Psoriatic Arthritis

     Psoriasis is a chronic skin disease mediated by the immune system that appears as patches of thick, inflamed red, scaly silvery plaques. More than 40% of people with psoriasis also develop psoriatic arthritis. PSA is a type of arthritis that affects men and women equally and causes pain, swelling, and stiffness of the joints.

Risk factors for PSA

     The exact cause of psoriatic arthritis is not yet known but it is believed to be due to a combination of genetic, immunologic and environmental factors. More than 7.5 million Americans have psoriasis and PSA. About 40 percent of people with psoriasis or psoriatic arthritis have family members with psoriasis or psoriatic arthritis. This means that a close relative of a patient with psoriatic arthritis is about 50 times more likely to develop the disease than an unrelated person.

Signs and symptoms

     Pain, stiffness (morning stiffness more than 30 minutes) and immobility in the joints and back. Arthritis in the distal end joints of the fingers and toes as well as symmetric or asymmetric inflammatory arthritis with active synovitis. Arthritis mutilans (deforms and destroys the joints). Spondyloarthropathy (affects the joints of the spine). Enthesitis (swelling in the areas where tendons attach to bones) including the Achilles tendon, plantar fascia. Tenosynovitis when the sheaths surrounding certain tendons, mostly those in the hands and arms, become swollen. Dactylitis, when an entire finger or toe swell, also known as sausage finger or toe. Eye inflammation with eye pain and redness. There are no specific blood tests for this condition.

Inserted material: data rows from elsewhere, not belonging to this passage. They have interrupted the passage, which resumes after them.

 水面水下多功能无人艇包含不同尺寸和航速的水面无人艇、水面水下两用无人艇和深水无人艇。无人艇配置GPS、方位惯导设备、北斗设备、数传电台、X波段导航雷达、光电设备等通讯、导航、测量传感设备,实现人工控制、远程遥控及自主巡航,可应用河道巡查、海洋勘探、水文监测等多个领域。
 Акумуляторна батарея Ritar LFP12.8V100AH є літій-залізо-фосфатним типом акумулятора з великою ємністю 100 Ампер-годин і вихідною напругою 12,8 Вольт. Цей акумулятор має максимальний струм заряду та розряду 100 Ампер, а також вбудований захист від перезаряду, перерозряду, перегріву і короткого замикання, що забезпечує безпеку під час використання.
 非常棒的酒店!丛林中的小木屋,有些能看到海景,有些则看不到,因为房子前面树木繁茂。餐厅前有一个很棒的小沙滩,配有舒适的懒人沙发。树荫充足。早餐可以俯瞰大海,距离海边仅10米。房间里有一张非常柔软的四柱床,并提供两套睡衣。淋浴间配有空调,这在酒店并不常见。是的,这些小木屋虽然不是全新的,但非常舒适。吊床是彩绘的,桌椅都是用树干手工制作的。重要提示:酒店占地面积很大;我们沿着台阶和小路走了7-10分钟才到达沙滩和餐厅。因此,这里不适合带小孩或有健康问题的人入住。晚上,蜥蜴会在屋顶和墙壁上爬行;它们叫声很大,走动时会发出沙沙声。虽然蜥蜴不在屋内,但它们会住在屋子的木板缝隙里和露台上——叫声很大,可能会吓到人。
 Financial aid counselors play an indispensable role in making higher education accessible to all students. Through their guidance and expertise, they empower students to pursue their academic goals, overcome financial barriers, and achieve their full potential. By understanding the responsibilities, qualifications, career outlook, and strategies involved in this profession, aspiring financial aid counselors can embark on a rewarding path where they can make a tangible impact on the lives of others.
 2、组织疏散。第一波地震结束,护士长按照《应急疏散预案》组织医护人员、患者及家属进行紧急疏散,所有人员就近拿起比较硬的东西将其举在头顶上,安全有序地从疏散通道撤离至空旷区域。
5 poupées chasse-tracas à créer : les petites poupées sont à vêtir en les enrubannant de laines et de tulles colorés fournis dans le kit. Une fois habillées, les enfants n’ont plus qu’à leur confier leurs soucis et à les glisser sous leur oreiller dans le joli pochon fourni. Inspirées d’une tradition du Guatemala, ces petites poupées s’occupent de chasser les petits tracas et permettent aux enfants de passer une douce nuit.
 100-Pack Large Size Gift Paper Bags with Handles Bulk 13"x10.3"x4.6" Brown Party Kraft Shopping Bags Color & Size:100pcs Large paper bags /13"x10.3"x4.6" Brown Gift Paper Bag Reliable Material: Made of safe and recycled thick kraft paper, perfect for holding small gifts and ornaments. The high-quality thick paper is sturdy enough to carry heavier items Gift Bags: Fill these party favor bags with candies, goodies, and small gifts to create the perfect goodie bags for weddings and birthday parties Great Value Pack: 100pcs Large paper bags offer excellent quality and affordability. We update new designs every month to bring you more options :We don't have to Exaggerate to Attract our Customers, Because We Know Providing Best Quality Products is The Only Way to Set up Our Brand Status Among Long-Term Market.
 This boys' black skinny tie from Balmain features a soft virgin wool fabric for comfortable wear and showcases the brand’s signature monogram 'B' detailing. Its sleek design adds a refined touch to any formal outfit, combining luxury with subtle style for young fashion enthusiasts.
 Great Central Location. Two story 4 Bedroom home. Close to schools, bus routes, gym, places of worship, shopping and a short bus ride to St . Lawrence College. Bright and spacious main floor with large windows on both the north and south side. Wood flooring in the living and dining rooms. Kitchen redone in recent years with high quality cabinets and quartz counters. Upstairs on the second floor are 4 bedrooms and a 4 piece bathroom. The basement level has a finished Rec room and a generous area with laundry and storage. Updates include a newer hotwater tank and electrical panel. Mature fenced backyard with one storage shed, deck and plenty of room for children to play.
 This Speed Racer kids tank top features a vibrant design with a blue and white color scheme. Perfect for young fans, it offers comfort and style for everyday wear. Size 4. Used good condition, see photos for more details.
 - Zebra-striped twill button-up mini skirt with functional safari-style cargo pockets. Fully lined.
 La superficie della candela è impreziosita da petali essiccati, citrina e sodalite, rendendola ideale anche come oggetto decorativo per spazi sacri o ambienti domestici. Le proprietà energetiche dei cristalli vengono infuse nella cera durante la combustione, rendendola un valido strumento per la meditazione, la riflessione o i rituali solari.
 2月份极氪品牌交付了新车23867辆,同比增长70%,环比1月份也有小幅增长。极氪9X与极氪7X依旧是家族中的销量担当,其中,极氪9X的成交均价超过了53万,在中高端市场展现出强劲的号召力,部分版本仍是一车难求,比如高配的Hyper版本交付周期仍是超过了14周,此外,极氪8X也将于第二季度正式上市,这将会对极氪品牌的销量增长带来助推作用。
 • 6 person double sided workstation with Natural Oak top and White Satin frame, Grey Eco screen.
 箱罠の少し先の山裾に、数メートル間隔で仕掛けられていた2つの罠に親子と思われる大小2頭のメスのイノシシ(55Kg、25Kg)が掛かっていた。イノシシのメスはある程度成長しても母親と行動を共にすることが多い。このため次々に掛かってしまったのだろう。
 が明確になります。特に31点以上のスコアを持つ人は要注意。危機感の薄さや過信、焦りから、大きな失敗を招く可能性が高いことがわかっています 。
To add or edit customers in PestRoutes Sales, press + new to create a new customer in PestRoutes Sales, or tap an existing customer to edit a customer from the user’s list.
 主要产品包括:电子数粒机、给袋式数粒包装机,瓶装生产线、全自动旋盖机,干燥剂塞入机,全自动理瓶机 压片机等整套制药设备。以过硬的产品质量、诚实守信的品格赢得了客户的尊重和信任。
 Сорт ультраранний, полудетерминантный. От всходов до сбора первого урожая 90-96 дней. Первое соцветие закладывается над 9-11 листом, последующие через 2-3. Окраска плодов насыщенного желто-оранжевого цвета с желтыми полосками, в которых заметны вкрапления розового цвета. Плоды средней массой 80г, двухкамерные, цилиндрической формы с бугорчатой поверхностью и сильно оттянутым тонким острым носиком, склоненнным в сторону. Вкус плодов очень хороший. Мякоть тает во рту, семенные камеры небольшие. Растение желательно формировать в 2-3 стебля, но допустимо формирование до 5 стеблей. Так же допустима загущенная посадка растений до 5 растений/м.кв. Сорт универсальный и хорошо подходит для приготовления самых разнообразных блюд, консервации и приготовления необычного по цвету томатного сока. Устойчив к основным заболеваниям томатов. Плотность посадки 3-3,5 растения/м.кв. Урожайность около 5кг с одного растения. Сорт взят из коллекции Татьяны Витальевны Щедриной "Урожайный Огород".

     Nonsteroidal anti-inflammatory medications (NSAIDs) are used to reduce the inflammation in the joints, and subsequently to relieve the pain. NSAIDs do not reduce the long term damaging effects of psoriatic arthritis on the joints (do not stop the disease progression). Disease-modifying antirheumatic drugs (DMARDs) may reduce the inflammation of PSA and can slow disease progression and prevent joint damage. Drugs in this class include methotrexate, sulfasalazine or azathioprine. This medication act slowly, in several weeks to months. The biologic medication is an advanced therapeutic option for severe PSA, working as a down-regulator of the immune system to prevent tissue damage. Anti-TNF agents bind the immune cytokine molecule named tumor necrosis factor (TNF) and include: Etanercept (Enbrel), Adalimumab (Humira), and Infliximab (Remicade). Steroidal medication is generally not recommended unless it is for a short treatment course for severe inflammatory arthritis. Narcotic analgesics such as codeine, oxycodone, and hydrocodone are generally not recommended long term, because of the risk of dependence and addiction.